At first glance, it might seem unlikely that expression of an additional cell adhesion molecule would confer a motile and invasive phenotype upon an epithelial cell. However, motile cells, such as fibroblasts and myoblasts, express N-cadherin (Knudsen et al. 1995
; Huttenlocher et al. 1998
) and a switch from E- to N-cadherin occurs in the chick embryo when epiblast cells ingress through the primitive streak to form the mesoderm (Edelman et al. 1983
; Hatta and Takeichi 1986
). Another interesting cadherin switch occurs during establishment of the human placenta, where fetal cytotrophoblast cells invade the vasculature of the uterus. During this invasive process, the cytotrophoblast cells downregulate the expression of E-cadherin and upregulate vascular/endothelial (VE) cadherin (Zhou et al. 1997
). Thus, it is feasible to suggest that increased expression of a nonepithelial cell cadherin, such as N-cadherin, could increase the invasive potential of tumor cells. Ongoing studies in our laboratory are designed to determine how N-cadherin differs from E-cadherin in its ability to induce cell motility. We hypothesize that E-cadherin does not have the ability to interact with the relevant growth factor receptors, and we are preparing chimeric molecules between E- and N-cadherin to test this hypothesis.

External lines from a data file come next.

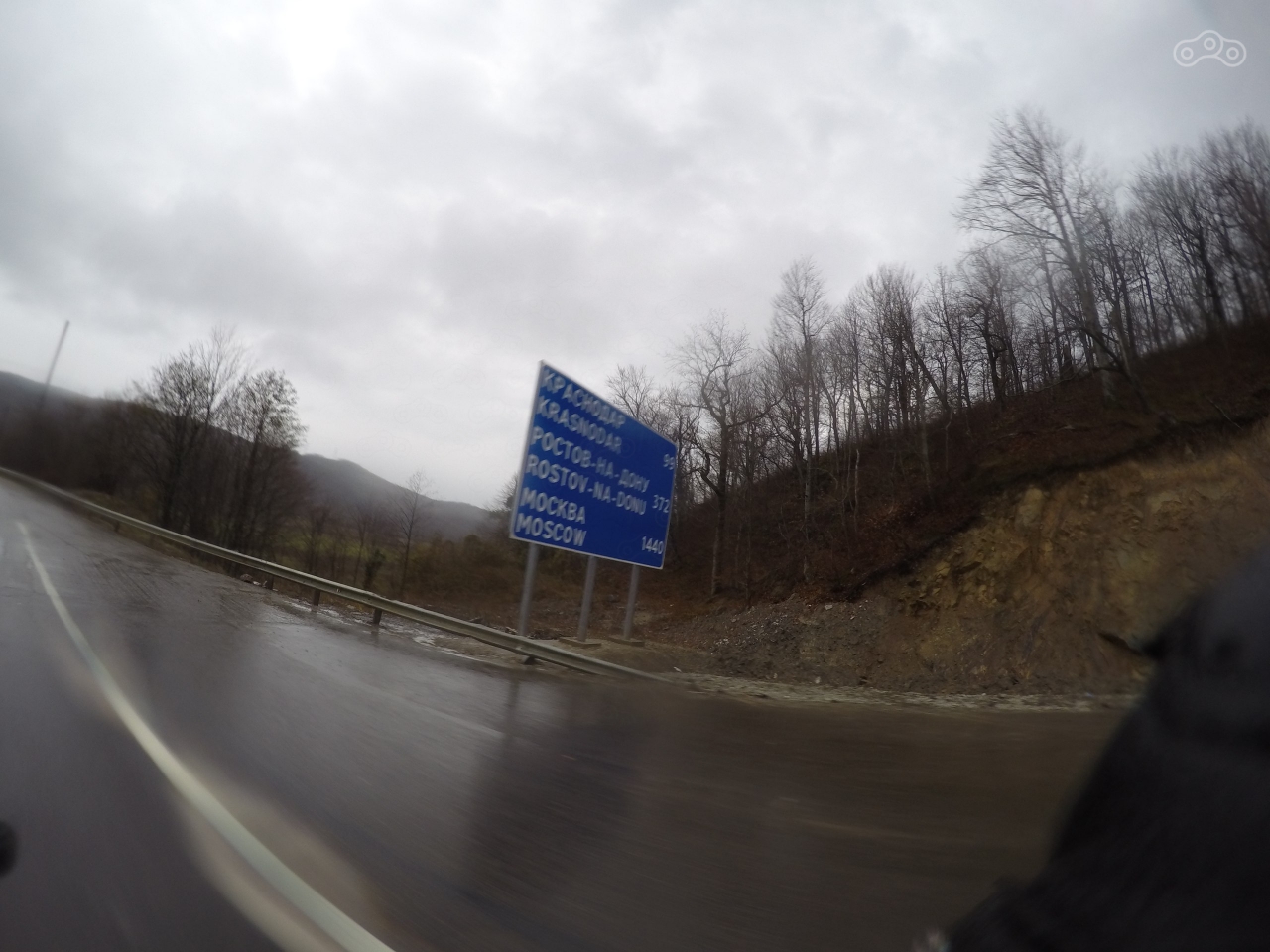 Доехали до Джубгы, нашли отель за 700 рублей, переночевали. Уехали утром, но нужно было доехать до моря, какое оно сейчас, когда не сезон. Не очень я был впечатлен, но и следовало ожидать, погода пасмурная, +1 хотя пару дней назад было тепло. Ничего интересного. Едем, выехали от моря примерно в 2 часа дня. Началась самая холодная пора.
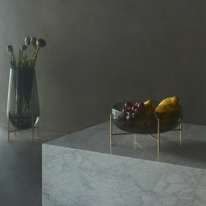 Designed by Theresa Rand, the Echasse series combines the classic elegance of a traditional glass bowl with a light, playful expression. The slim, slender feet gently suspend the glass shapes, creating a feeling of weighlessness while providing stability. Edited by Menu, the Echasse Bowl is a modern yet elegant, simple yet sculptural home accessory.
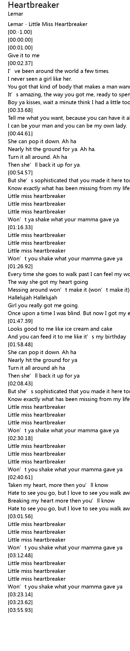 | [02:33.33] | Little miss heartbreaker |
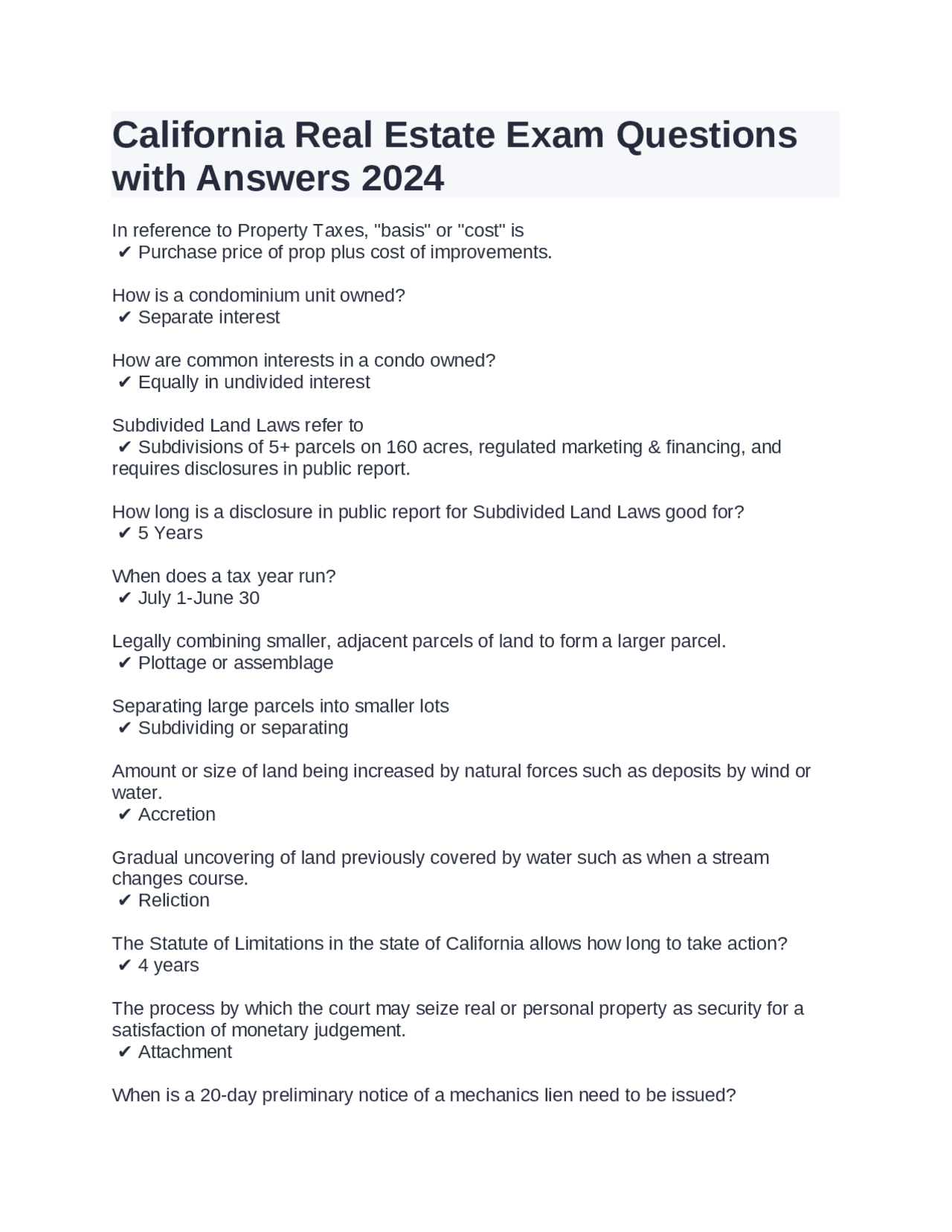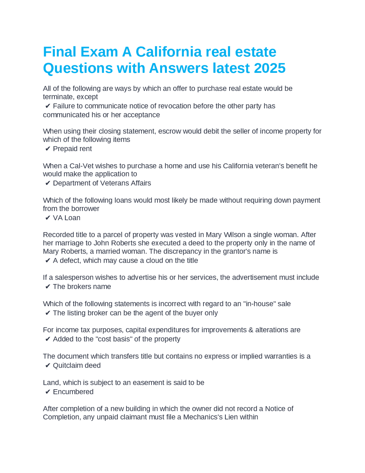 The California Real Estate Exam Questions Pdf is a comprehensive, updated compilation of official-style questions covering core topics in the state’s real estate landscape. These include zoning regulations, property valuation methods, contract law fundamentals, local market trends, tax implications, and compliance standards. Designed for clarity and relevance, the file avoids ambiguous wording and technical overload, making it accessible to learners at all stages—even those with limited prior experience. Each question is grounded in current state guidelines and recent legal updates, ensuring users study material that reflects real-world expectations.
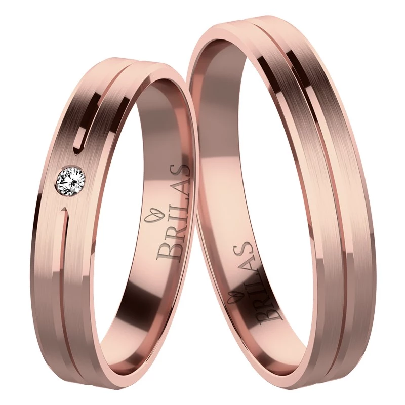 Zajímavé snubní prsteny z červeného zlata. Povrchová úprava je matná, kde prostřední rovná linka a hrany prstene jsou lesklé. Šíře prstenů je příjemných 3,5 mm. V dámské variantě je osazený 1 kámen, s možností výběru zirkonu nejvyšší kvality nebo briliantu kvality VS1/F o velikosti 1,5 mm. Garance nevypadnutí kamene. Sbalit popis

An important message from the present studies is that cadherins may not function identically in different cell types. The fact that cadherins may act differently in different cell types is particularly evident when comparing the current study with earlier studies showing that mouse L cells or S180 fibroblasts attained an epithelial morphology when transfected with either E- or N-cadherin (Nagafuchi et al. 1987
; Hatta et al. 1988
; Matsuzaki et al. 1990
). It will be important in future studies to consider the cellular makeup, as well as the complement of cadherin family members, when interpreting data on cellular morphology and behavior.